Le président Barack Obama a annulé un sommet avec son homologue russe Vladimir Poutine qui devait se tenir en marge de la rencontre des pays du G20 à Saint-Pétersbourg au début de septembre. Cette mauvaise décision est essentiellement dictée par des considérations de politique intérieure et n'a rien à voir avec la substance des relations américano-russes.

Washington a justifié la décision présidentielle par le manque de «progrès» dans les relations américano-russes «sur des questions comme la défense antimissile, la prolifération nucléaire, le commerce, les questions de sécurité et de droits de l'homme». À cela s'ajoute l'irritant que constitue «la décision décevante de la Russie d'accorder un asile temporaire à Edward Snowden», a dit le porte-parole du président.

On peut comprendre l'irritation du président à propos d'Edward Snowden. Cette affaire est devenue planétaire et surmédiatisée. L'informaticien, qui n'est pas un espion russe, a ses détracteurs, mais aussi de nombreux partisans, même aux États-Unis. Ses révélations sur l'écoute électronique et la lecture des courriels de tout un chacun à l'échelle planétaire ont forcé démocrates et républicains à exiger plus de transparence de la part des agences d'espionnage et un renforcement de la protection des droits et libertés.

À l'étranger, cette affaire a permis à la Russie et à la Chine, mais pas seulement à ces deux pays, de pointer du doigt l'hypocrisie de Washington qui ne cesse d'accuser les autres puissances de l'espionner.

Washington a réagi durement au cas Snowden, qui s'ajoute à ceux de Julian Assange et du soldat Manning. Trop, certainement, comme on a pu le constater lorsque l'avion présidentiel bolivien a été forcé d'atterrir d'urgence en Autriche, car on le soupçonnait de transporter Snowden. C'était excessif et certainement illégal.

Reste que dans ce domaine, il ne faut pas être naïf: quelque chose me dit que les Snowden ou Assange russes ou chinois seraient déjà six pieds sous terre ou, avec de la chance, réfugiés aux... États-Unis.

En annulant sa rencontre personnelle avec le président russe, Barack Obama a surtout voulu apaiser la fureur des républicains et leurs relais chez Fox News et dans la page éditoriale du Wall Street Journal. Depuis le début de l'affaire Snowden, il n'y a pas une journée qui passe sans qu'on accuse le président de «faiblesse» en matière de politique étrangère et qu'on exige une révision radicale des relations avec la Russie.
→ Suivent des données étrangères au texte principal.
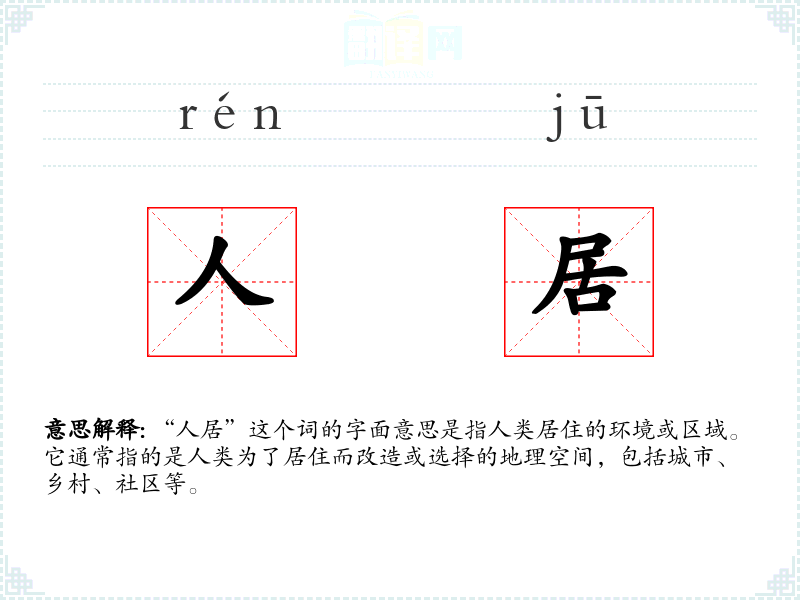 “人居”这个词的字面意思是指人类居住的环境或区域。它通常指的是人类为了居住而改造或选择的地理空间,包括城市、乡村、社区等。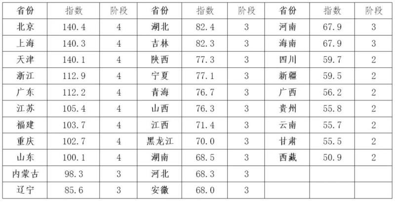 從全國看,工業(yè)化綜合指數超過95,表明我國已處在工業(yè)化后期階段。從各省看,東部沿海除海南、河北外其他各省及西部的重慶均已基本完成工業(yè)化,進入后工業(yè)化階段;東北三省、中部六省、西部的陜西、內蒙古、寧夏、青海以及河北處在工業(yè)化后期;其余八?。ň鶠槲鞑渴》荩┥刑幵诠I(yè)化中期。下表是2018年各省份工業(yè)化綜合指數。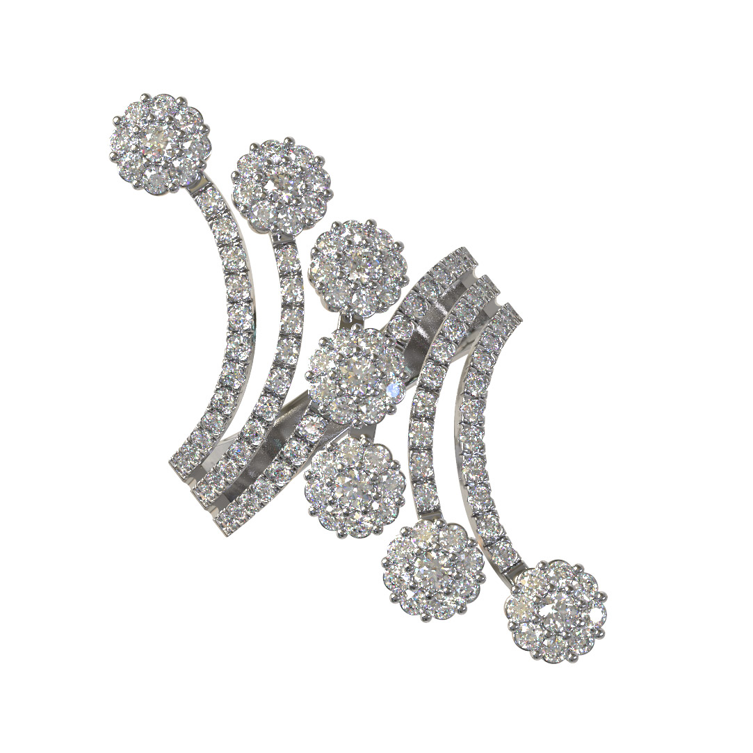В оформлении использованы 129 бриллиантов, которые отличаются чистотой и ярким блеском. Белые вставки круглой формы гармонично сочетаются с холодным благородным сиянием металла, подчеркивая статусность украшения. Это кольцо создано для ценителей эксклюзивного дизайна и станет великолепным дополнением коллекции как для женщин, так и для мужчин.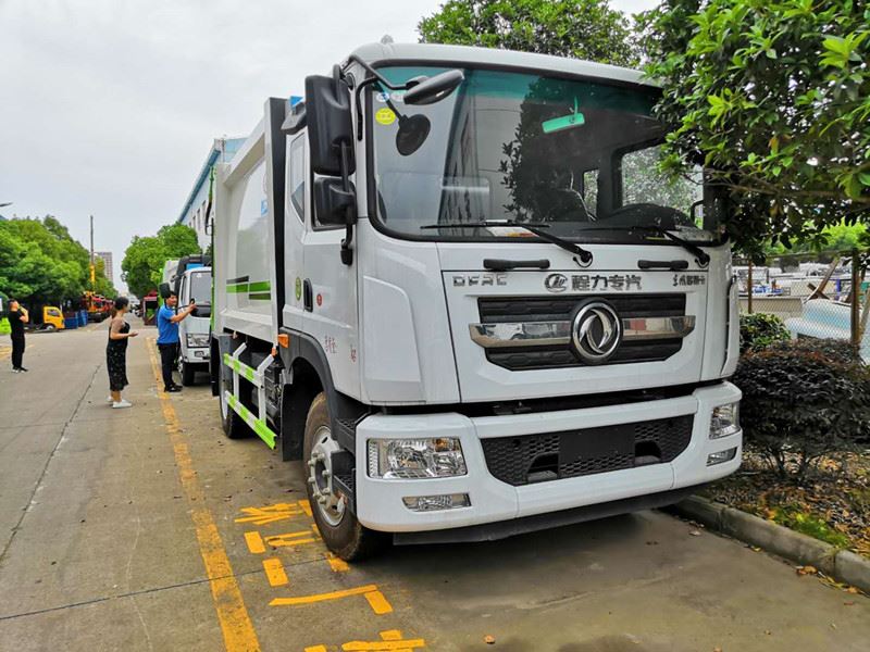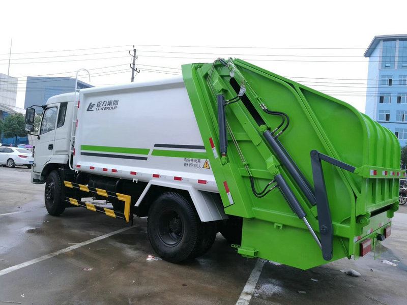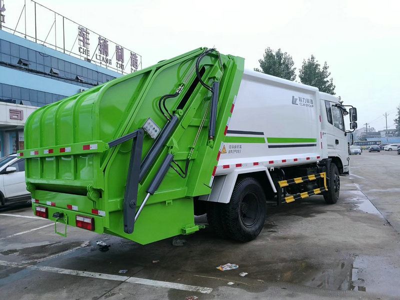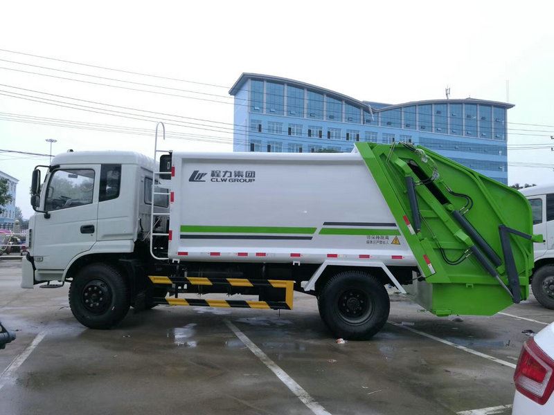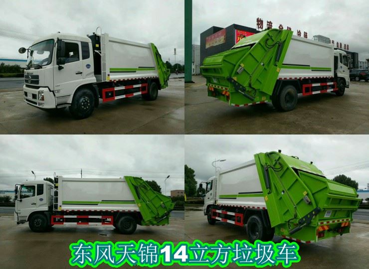程力生产的东风天锦压缩垃圾车4500mm轴距底盘可做14方压缩垃圾车,4700mm轴距底盘可做14方压缩垃圾车,可装约8吨生活垃圾,压缩倍率3-4倍,压缩后生活垃圾密度从0.36变为0.9以上,带污水收集箱,新款平板式箱体更美观,尾部带密封橡胶垫,可防水滴漏二次污染,PLC一键操作系统,驾驶室和尾部双控操作机构。操作简单,节省人力与成本。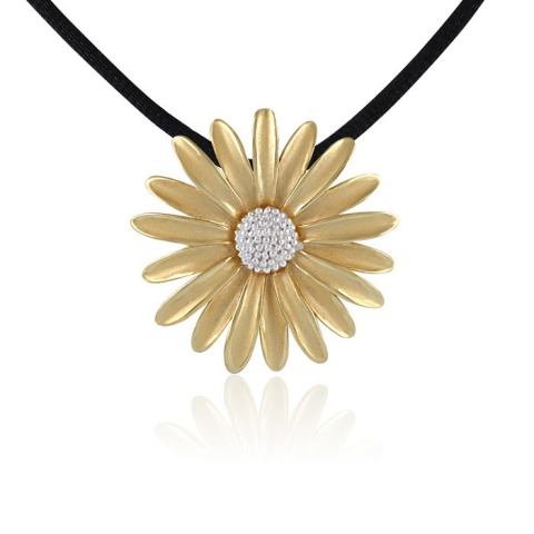 Részletek Ezüst női nyaklánc, arany margaréta medállal és fekete selyem zsinórral. Az ezüst nyaklán úgynevezett ródium bevonattal rendelkezik. A Ródium egy ezüstfehér színű rendkívül törékeny fém, amely nem színeződik el hosszú idő alatt sem. Előnyös tu

Obama a donc jeté un os à la meute. Toutefois, mettre au premier plan le manque de progrès dans les relations américano-russes comme principale raison pour annuler la rencontre ne tient pas la route. Un président américain a-t-il déjà annulé une rencontre prévue avec les leaders palestiniens et israéliens parce que rien ne bougeait dans ce dossier? Jamais.

Les relations entre les deux pays depuis l'arrivée au pouvoir de Poutine en 2000 ont toujours été turbulentes, et tant Moscou que Washington en portent la responsabilité. Les sujets qui fâchent sont nombreux entre les deux pays, mais aussi entre Washington et ses alliés européens. Le dossier de la défense antimissile a longtemps braqué les Européens. Sur la question du nucléaire iranien, les Européens n'ont jamais été de chauds partisans de l'option militaire. D'ailleurs, le président Poutine sera à Téhéran le 16 août, devenant ainsi le premier chef d'État d'une grande puissance à se rendre en Iran depuis la révolution de 1979. Obama aurait profité d'un tête-à-tête avec Poutine afin de parler du nouveau président iranien et de la question nucléaire.

Les relations américano-russes ne devraient pas souffrir de ce contretemps. Déjà demain à Washington, le secrétaire d'État John Kerry et le secrétaire à la Défense Chuck Hagel rencontrent leurs homologues russes. Il faut espérer que leurs discussions se concentreront sur l'essentiel et non l'accessoire.